Сразу же по достижении мной совершеннолетия я продал поместье и земельные владения, после чего вложил деньги в государственные облигации таким образом, чтобы обеспечить себе пожизненный доход в сумме в полторы тысячи фунтов ежемесячно. Затем я отправился в Европу, где долгое время вел рассеянный, если не сказать — богемный, образ жизни, переходя из университета в университет и изучая те предметы, которые занимали меня согласно моим капризам. Год я провел в Гейдельберге, занимаясь одновременно химией и метафизикой, а по возвращении в Лондон я впервые окунулся в светскую жизнь. Тогда я был молодым человеком двадцати четырех лет от роду, смуглым, темноволосым и темноглазым, разбиравшимся во всем на свете, но толком не владевшим ни одной из областей человеческого знания.

Именно тогда в Лондоне я впервые встретил Люси Форестер. Способно ли мое скромное перо хоть в малой степени описать ее красоту? Глаза мои никогда не видели и не увидят женщины более прекрасной. Ее лицо, голос, фигура, движения и жесты являлись частью одного редчайшего гармоничного целого. Достаточно сказать, что я влюбился в нее в первый же вечер, когда мы познакомились, и чувство это росло и крепло во мне до тех пор, пока не овладело всем моим существом.
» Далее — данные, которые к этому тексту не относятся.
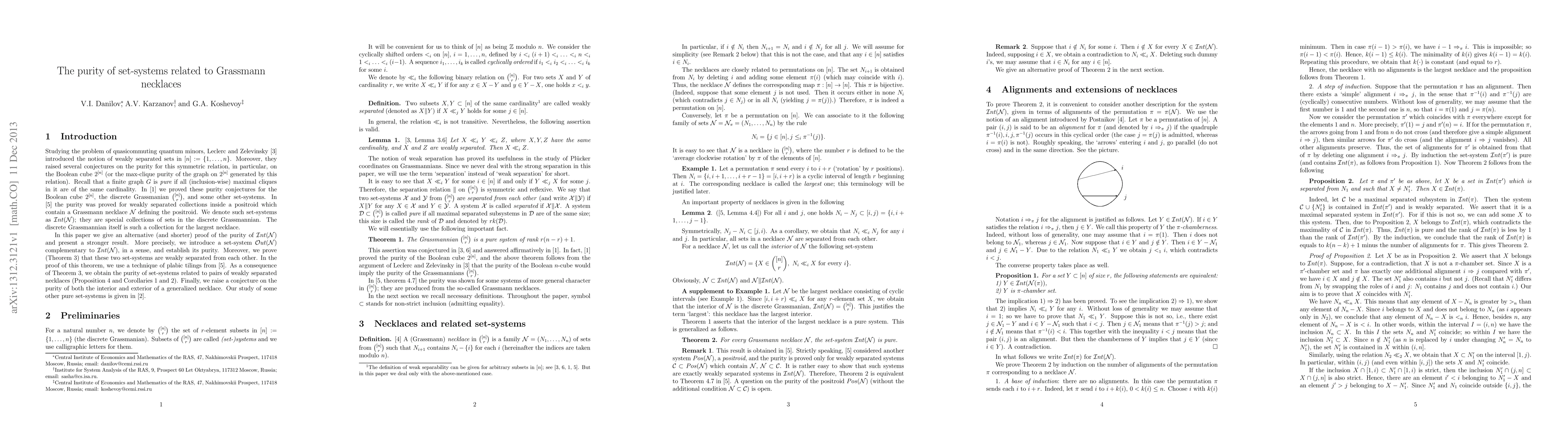 This paper provides an alternative proof for the purity of set-systems related to Grassmann necklaces, introducing a complementary set-system and proving its purity. It also establishes the weak separation of these two set-systems and conjectures the purity of generalized necklaces.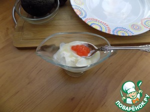 Берём большую тарелку или блюдо. Я взяла тарелку D-24 см. Выкладываем слоем авокадо и сразу промазываем его всей заправкой, чтобы оно не потемнело. -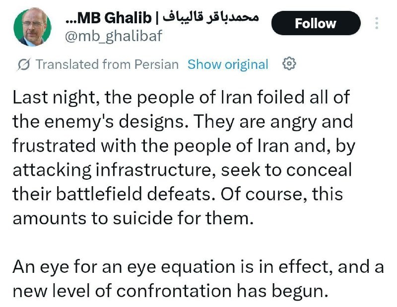 'NEW LEVEL of confrontation' after US/Israeli 'SUICIDAL' infrastructure attacks — Parliament Speaker Ghalibaf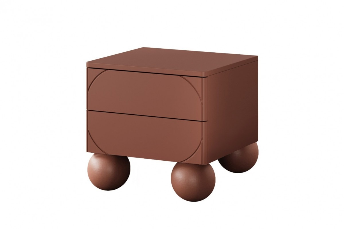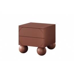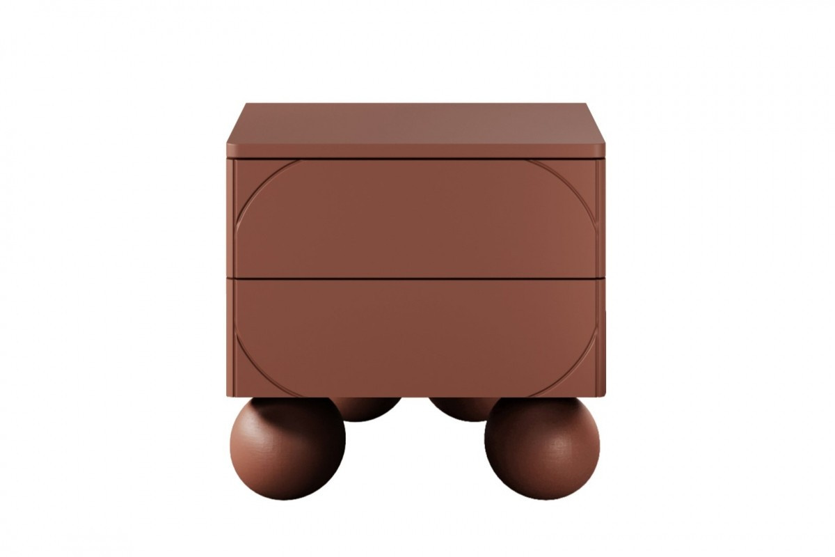 Nočný stolík Sonatia II s dvoma zásuvkami na guľôčkových nožičkách 45 cm - bordová, šírka: 45, výška: 47, hĺbka: 45, výška nôh: 12, montáž: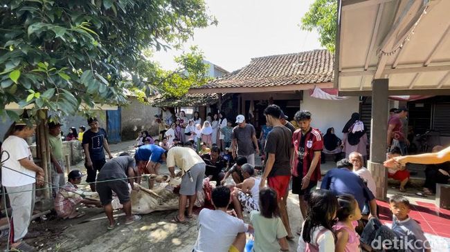 "Alhamdulillah pada hari ini warga mendapat sumbangan satu sapi. Sebelumnya, selama saya ngumbara (merantau) dari tahun 1980 hingga 2023 ini, baru pertama kali di kampung ini ada potongan (kurban) sapi. Bantuan kurban dari pemerintah pun kita nggak pernah merasakan," kata Endang kepada detikJabar di lokasi, Jumat (30/6/2023).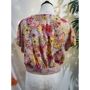 Vtg 90s Y2K Angie Paisley Retro Floral Twist Front Flutter Sleeve Crop Top Womens Plus Size 2X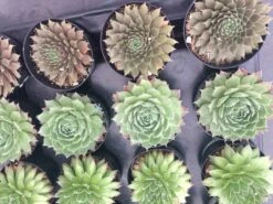 Four Small Succulent Plants In Pots. Assortment Of 4 Small Hens And Chicks Plants, Shipped In Pots

Сначала мои ухаживания проходили весьма успешно. Я познакомился с ее отцом, пожилым военным, и стал частым гостем в их доме. Очень скоро я подметил, что главной чертой характера мисс Форестер была безграничная и трогательная привязанность к отцу. В соответствии с этим я пытался завоевать ее расположение своим донельзя почтительным и внимательным отношением к ее батюшке. Мне удалось заинтересовать ее многими предметами, и мы очень сдружились. Наконец, я отважился заговорить с ней о любви и признался ей в охватившем меня чувстве. Полагаю, что говорил я столь пылко и страстно, что она испугалась и в какой-то степени даже отшатнулась от меня.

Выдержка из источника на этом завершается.